The message "Destination Host Unreachable" usually means that the target machine (192.168.0.2 in this example) isn't connected or isn't running, and so failed to respond to my machine's ARP request to find its MAC address. It could also mean that your machine can't find a route to reach the local network; the most likely reason for this is that it has an IP address that's not actually part of the local network.

It's also possible that you have a more complex routing problem, but that's unlikely on a typical home network that has only one (default) route. If you don't have any other machines on your network, you can try pinging your router. (You do know the IP address of your router, right?)
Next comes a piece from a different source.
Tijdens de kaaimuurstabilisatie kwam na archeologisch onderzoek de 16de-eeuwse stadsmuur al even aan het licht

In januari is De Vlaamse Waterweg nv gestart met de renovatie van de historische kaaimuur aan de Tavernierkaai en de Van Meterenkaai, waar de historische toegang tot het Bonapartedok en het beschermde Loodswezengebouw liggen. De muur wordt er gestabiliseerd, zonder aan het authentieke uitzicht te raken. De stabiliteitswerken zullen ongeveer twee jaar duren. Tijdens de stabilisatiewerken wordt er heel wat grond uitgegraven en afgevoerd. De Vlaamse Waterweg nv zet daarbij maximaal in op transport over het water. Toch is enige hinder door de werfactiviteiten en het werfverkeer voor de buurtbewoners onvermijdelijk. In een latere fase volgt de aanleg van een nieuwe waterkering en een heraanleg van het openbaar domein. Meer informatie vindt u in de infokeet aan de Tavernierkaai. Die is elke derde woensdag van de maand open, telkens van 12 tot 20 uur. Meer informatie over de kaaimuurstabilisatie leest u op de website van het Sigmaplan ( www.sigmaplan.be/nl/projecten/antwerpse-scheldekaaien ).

If you can't ping your local router, then you obviously have a local problem. If you have a wired network, check the cabling and the little green lights on the network interfaces at each end.

Is your firewall blocking the traffic?

At some point in your diagnosis, it's worth checking to see whether your firewall settings are screwed down too tight. A quick-and-dirty way to do this favoured by many sysadmins in a hurry is to flush all the firewall rules with the command

# iptables -F 

and then try again. If this solves the problem, then at least you know that the problem that's been causing you grief is firewall-related. At that point you should reboot (to re-establish the firewall) and investigate further. Do not be tempted to leave the firewall disabled, this is a Bad Idea!

Do you have an ADSL connection to your ISP?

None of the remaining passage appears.